Figure 1. Flow chart of WifiReceiver
For Viterbi Decoder, I choose the soft decoding approach, because it is more robust than hard decoding. The trellis that is used in our 4QAM modulation is shown below.
Figure 2. Trellis - 4QAM
In my code, two functions: my_v_decode() and viterbi_step_soft() is used to perform this decoding. viterbi_step_soft() accepts a signal point (complex number) and the shortest paths (and their costs) as input. It performs the calculation for this certain layer and returns the shortest paths and costs for the next layer. my_v_decode() accepts series of signal points and call viterbi_step_soft() for each signal point. At last, it identifies the shortest path and converts it to the bits we want. Note that I used a greedy algorithm on the calculation of the shortest path. For each state in the same layer, only the path with minimum cost will be stored. This algorithm keeps this decoding process simple.
Length inference is another difficulty in this assignment. In the beginning, the message length information in the bitstream, which is packed before message bits in layer 1, is used to truncate the final message. However, in my later experiment, I found these bits are not reliable since they are not convolutional encoded by the transmitter. The hard decoding approach to restoring these bits performs poorly when SNR is too low. In the end, I use the occurrence of value 0 in my final decoded message to determine the end of our message.

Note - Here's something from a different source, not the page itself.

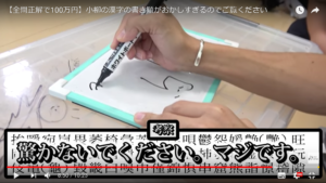 動画内では小柳がメンバーに指示をされながらホワイトボードに漢字を書く姿が映っている。

Because we only have textual input (i.e., any sequence of ASCII characters), we will not use the NULL character in our normal messages. Meanwhile, in the WifiTransmitter, the input message is padded with zeros to ensure its length is a multiple of nfft. This characteristic helps me to detect message length more accurately. However, this message length detection algorithm could fail when the bits in our transmitted message happen to be exactly a multiple of nfft. To fix this issue, I have an idea of combining these two methods and switching between them using our estimated noise level for each signal we received. Also, a more straightforward way is convolutional encoding the length bits with our message.
To improve the receiver’s performance under poor SNR conditions, two designs were applied. The first one is the length inference method mentioned above. The second one is preamble detection. In level 4, we have a noisy signal before and after our message. The key challenge is how to locate our preamble. In my implementation, the correlation between the noisy and noise-free preamble signal is calculated. By selecting the position that has the maximum correlation value, the preamble signal can be located easily. In more than half of the cases, my implementation could decode short messages (e.g., hello world) where SNR equals -3.